Ravalli County has become the first county in Montana to turn down a Title X Family Planning Grant. When Title X became law in 1970, it was designed to prevent unwanted pregnancies and provide counseling and preventive health services. However, a majority of commissioners in Ravalli today, September 20, decided that the Title X funds weren't worth their vote.

The move has surprised many who believe the Title X funds serve a vital role in providing healthcare to women and the poor. Commissioner Suzy Foss, who had voted for Title X funding in the past, but changed her vote recently, said that the benefits of Title X are greatly over exaggerated. Foss believes that the people in Ravalli will receive better healthcare without the funds.

"If we do not continue Title X, there is not one service that is not provided at many, many locations in our valley through the Marcus Daly Health Care Network," Foss said. "Our public health is essential, but when it comes to people's basic care, whether it's screenings or something else, ideally you get them into the hands of a healthcare professional that is a physician, who will become their continuity care person. Continuity of care is so essential and we don't get that with limited services available and no physicians on duty at these [Title X] facilities."

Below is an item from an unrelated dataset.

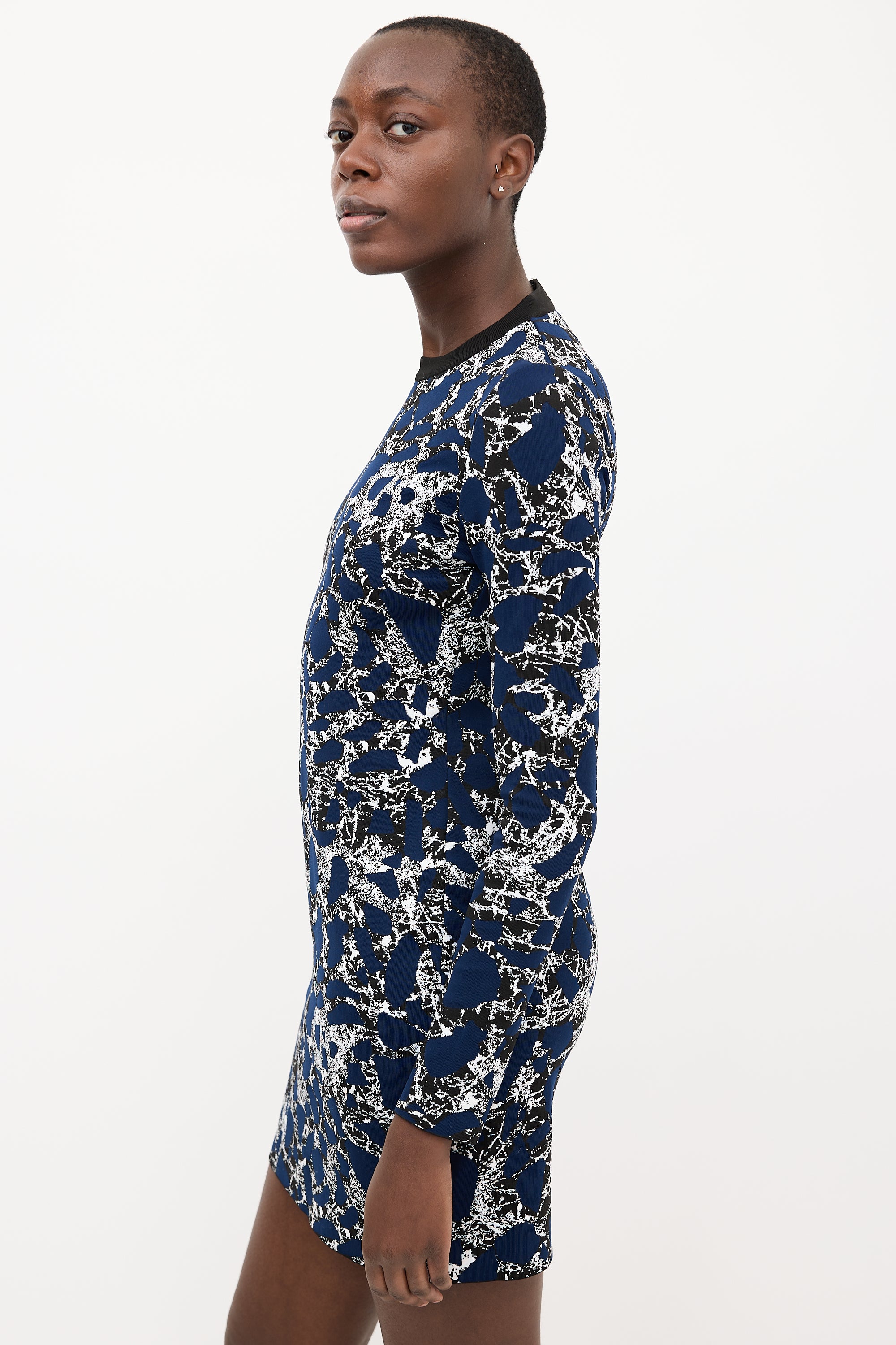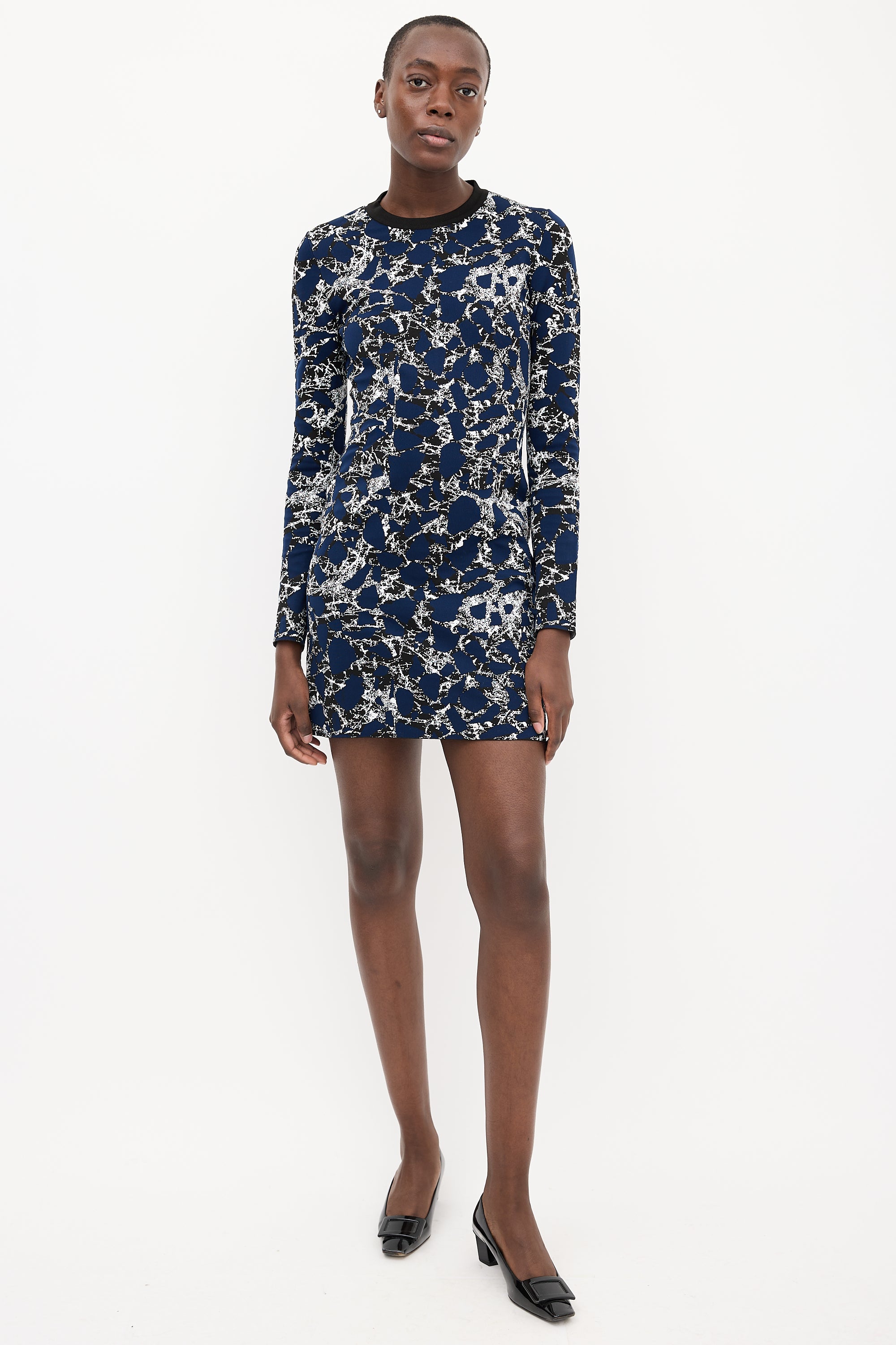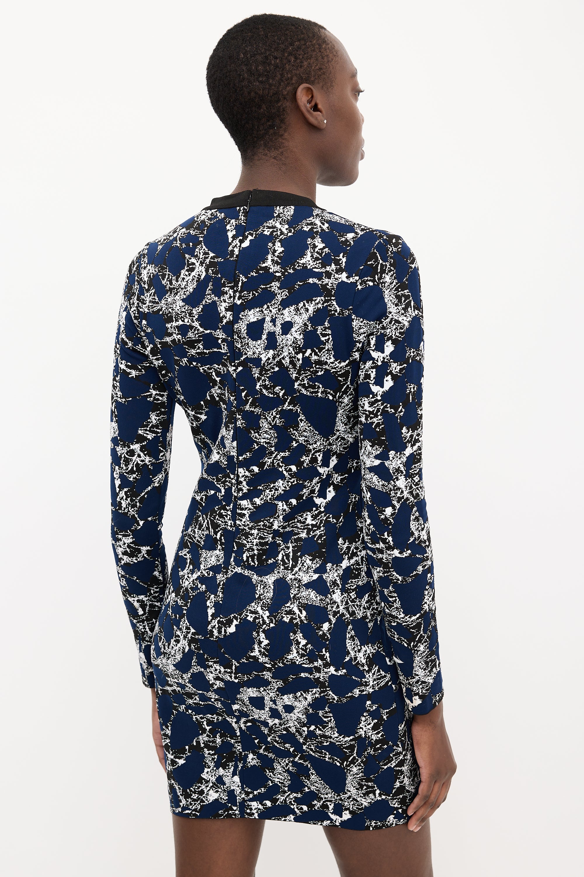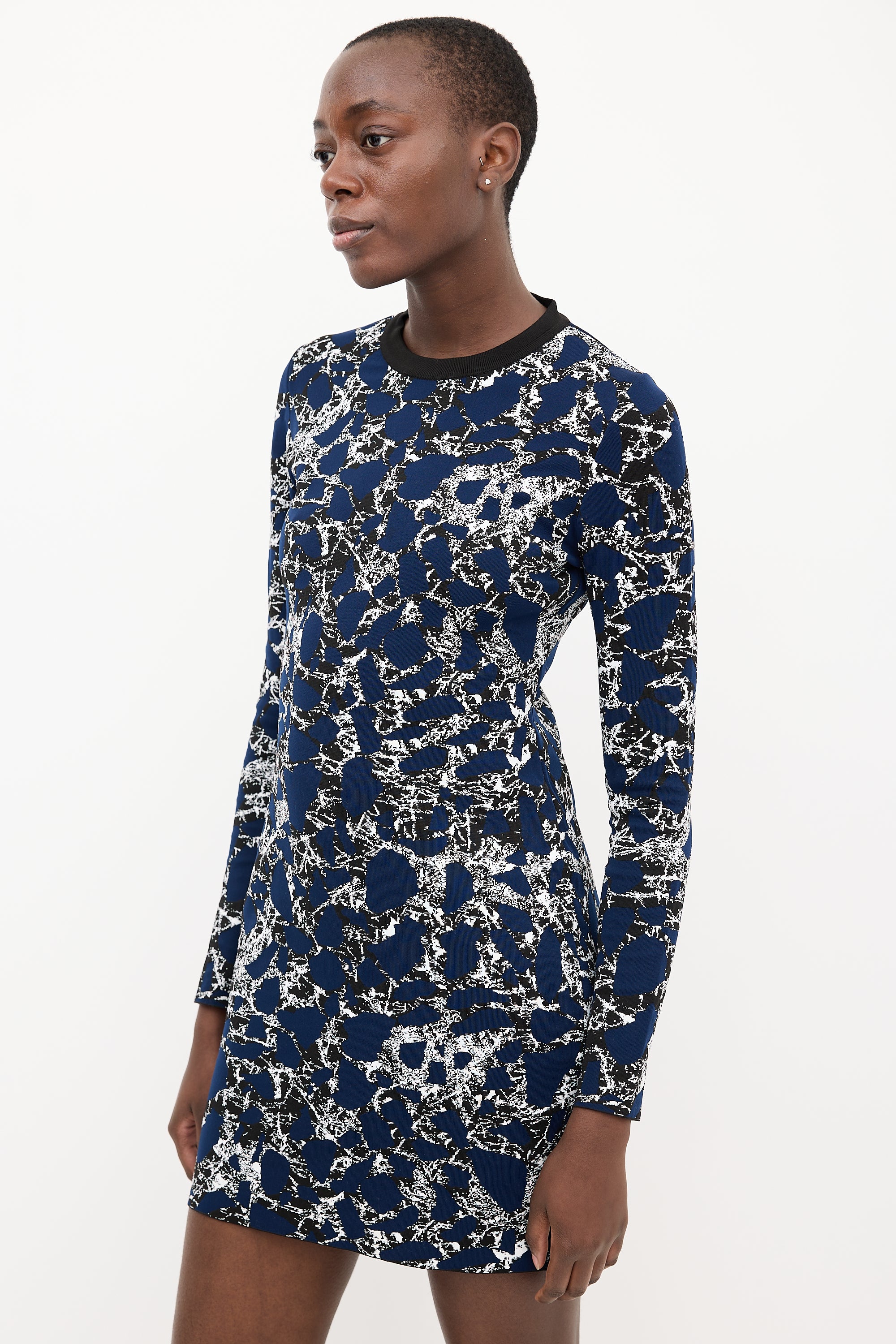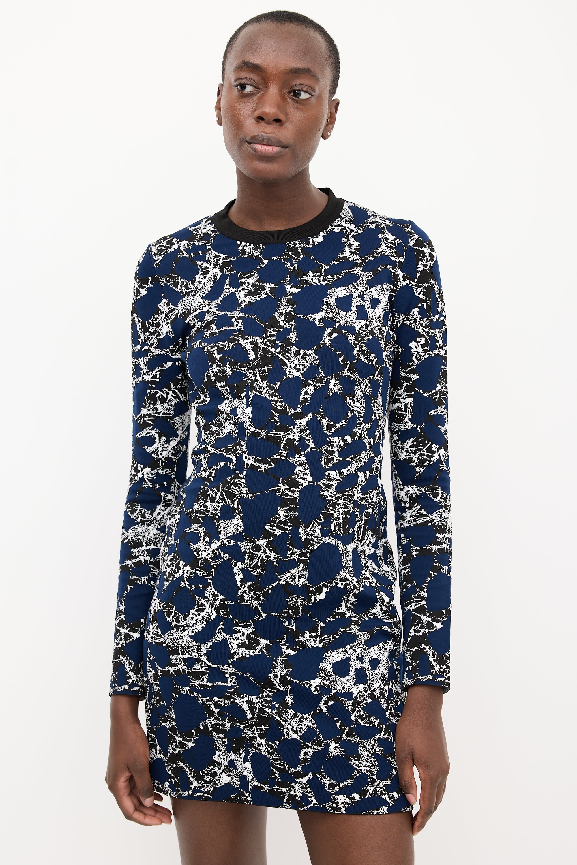 Pre-owned Balenciaga navy, black, and white knit midi dress featuring a round neckline, patterned jacquard, and concealed back zip.

Foss explained that although she has heard horror stories from the past of people who wanted care but couldn't get it, that the modernization of the hospital has helped make Title X obsolete for Ravalli in the current era.

"No one. No one is ever turned away from those [Marcus Daly] clinics for any kind of health care," Foss said. "Regardless of finances, age, sex... doesn't matter. The same guidelines that are required by our Title X for accepting people in for the essential services that they're looking for is available and closer for people that are coming into Hamilton. We've got clinics up and down the valley through Marcus Daly."

Foss said that the reported numbers of people that will not receive care are misinformation spread by the Director of the Ravalli County Health Department.

But the issue has to do with more than just healthcare. For many of the commissioners, there is an element of fiscal responsibility being addressed with this vote.

"We are trying to help people and our government get off of the mentality that it should be the federal government's responsibility to get into our personal lives, especially our most intimate personal lives," Foss said.

Indeed, Montana is one of the states that receives more in tax money than it pays out, by nearly 50 cents on the dollar. Foss couched the refusal of the Title X grant in a deeper background of disappointment with the way the federal government has treated her county in the recent past.

"We know that the federal government is broke," Foss said. "In Ravallli County, we lost our Secure Rural Schools funding from $785,000 last year to $30,000 this year. We were not given our funds for 2012 until January of 2013 and then promptly asked to return 5 percent of that. With our Title X this year, we not only did not know what our funding would be, but we did not get any notice of it until the middle of September."

The grant was worth $50,000. Although one job is at stake with the loss of the grant, Foss said that the Title X employee will be worked into the payroll system at the county health department so that no jobs will need to be lost.